Work required =
Go through the data from its first line and retype each line, stopping once the line containing "Tampak di salah" has been retyped.

Records excerpted from a collection:

━━━━

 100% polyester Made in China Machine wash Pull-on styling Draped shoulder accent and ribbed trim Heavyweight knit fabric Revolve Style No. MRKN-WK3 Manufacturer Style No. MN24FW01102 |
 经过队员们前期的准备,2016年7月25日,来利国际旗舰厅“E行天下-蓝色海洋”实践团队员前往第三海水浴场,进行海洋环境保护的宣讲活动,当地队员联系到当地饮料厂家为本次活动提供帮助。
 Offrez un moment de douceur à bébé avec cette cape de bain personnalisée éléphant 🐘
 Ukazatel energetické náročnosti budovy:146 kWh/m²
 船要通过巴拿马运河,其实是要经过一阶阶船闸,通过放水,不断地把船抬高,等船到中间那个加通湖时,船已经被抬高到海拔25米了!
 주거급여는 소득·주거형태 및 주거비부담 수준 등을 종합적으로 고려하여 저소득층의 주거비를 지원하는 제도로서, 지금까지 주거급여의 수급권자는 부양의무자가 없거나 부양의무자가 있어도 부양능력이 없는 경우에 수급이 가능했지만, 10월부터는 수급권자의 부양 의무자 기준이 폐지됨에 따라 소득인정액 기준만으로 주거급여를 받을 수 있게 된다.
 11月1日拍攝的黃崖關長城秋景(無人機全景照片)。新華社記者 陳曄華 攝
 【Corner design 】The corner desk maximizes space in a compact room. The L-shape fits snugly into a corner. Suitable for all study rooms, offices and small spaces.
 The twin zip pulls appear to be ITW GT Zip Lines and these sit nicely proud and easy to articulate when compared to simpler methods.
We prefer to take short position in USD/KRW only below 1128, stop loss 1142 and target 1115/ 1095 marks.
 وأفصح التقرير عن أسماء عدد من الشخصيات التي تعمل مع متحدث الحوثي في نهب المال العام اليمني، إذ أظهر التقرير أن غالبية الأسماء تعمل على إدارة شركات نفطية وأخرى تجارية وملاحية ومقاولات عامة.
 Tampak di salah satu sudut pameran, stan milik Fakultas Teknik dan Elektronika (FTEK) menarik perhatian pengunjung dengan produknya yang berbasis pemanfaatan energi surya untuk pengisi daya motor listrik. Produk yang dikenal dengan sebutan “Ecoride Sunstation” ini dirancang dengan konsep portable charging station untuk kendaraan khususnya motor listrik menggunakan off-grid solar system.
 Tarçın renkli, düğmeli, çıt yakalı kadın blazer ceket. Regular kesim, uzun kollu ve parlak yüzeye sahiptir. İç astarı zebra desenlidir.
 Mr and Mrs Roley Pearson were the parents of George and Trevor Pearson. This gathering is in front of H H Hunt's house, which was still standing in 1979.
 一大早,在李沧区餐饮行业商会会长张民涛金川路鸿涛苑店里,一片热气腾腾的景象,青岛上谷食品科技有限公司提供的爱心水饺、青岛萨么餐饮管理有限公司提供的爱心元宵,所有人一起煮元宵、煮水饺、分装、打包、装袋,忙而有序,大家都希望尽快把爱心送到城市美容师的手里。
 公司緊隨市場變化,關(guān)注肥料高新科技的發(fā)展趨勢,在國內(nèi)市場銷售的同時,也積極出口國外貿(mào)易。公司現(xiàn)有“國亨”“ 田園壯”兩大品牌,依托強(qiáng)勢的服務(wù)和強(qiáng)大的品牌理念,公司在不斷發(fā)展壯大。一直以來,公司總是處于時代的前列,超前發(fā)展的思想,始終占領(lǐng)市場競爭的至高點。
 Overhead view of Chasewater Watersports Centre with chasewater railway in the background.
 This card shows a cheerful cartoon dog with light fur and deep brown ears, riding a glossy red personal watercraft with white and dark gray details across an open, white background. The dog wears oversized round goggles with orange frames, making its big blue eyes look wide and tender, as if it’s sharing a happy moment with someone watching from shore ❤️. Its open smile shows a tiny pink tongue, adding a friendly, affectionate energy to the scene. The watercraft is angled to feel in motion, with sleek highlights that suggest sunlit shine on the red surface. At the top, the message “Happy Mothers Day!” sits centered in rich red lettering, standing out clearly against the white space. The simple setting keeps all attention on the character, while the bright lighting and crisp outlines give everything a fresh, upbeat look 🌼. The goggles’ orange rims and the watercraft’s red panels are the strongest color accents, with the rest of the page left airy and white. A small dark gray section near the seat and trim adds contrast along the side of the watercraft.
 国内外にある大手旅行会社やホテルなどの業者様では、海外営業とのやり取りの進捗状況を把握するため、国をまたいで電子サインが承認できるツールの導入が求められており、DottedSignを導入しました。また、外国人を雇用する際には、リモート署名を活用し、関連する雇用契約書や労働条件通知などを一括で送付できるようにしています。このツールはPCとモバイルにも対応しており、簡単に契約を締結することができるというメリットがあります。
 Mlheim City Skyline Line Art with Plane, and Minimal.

━━━━

Reply =
 100% polyester Made in China Machine wash Pull-on styling Draped shoulder accent and ribbed trim Heavyweight knit fabric Revolve Style No. MRKN-WK3 Manufacturer Style No. MN24FW01102 |
 经过队员们前期的准备,2016年7月25日,来利国际旗舰厅“E行天下-蓝色海洋”实践团队员前往第三海水浴场,进行海洋环境保护的宣讲活动,当地队员联系到当地饮料厂家为本次活动提供帮助。
 Offrez un moment de douceur à bébé avec cette cape de bain personnalisée éléphant 🐘
 Ukazatel energetické náročnosti budovy:146 kWh/m²
 船要通过巴拿马运河,其实是要经过一阶阶船闸,通过放水,不断地把船抬高,等船到中间那个加通湖时,船已经被抬高到海拔25米了!
 주거급여는 소득·주거형태 및 주거비부담 수준 등을 종합적으로 고려하여 저소득층의 주거비를 지원하는 제도로서, 지금까지 주거급여의 수급권자는 부양의무자가 없거나 부양의무자가 있어도 부양능력이 없는 경우에 수급이 가능했지만, 10월부터는 수급권자의 부양 의무자 기준이 폐지됨에 따라 소득인정액 기준만으로 주거급여를 받을 수 있게 된다.
 11月1日拍攝的黃崖關長城秋景(無人機全景照片)。新華社記者 陳曄華 攝
 【Corner design 】The corner desk maximizes space in a compact room. The L-shape fits snugly into a corner. Suitable for all study rooms, offices and small spaces.
 The twin zip pulls appear to be ITW GT Zip Lines and these sit nicely proud and easy to articulate when compared to simpler methods.
We prefer to take short position in USD/KRW only below 1128, stop loss 1142 and target 1115/ 1095 marks.
 وأفصح التقرير عن أسماء عدد من الشخصيات التي تعمل مع متحدث الحوثي في نهب المال العام اليمني، إذ أظهر التقرير أن غالبية الأسماء تعمل على إدارة شركات نفطية وأخرى تجارية وملاحية ومقاولات عامة.
 Tampak di salah satu sudut pameran, stan milik Fakultas Teknik dan Elektronika (FTEK) menarik perhatian pengunjung dengan produknya yang berbasis pemanfaatan energi surya untuk pengisi daya motor listrik. Produk yang dikenal dengan sebutan “Ecoride Sunstation” ini dirancang dengan konsep portable charging station untuk kendaraan khususnya motor listrik menggunakan off-grid solar system.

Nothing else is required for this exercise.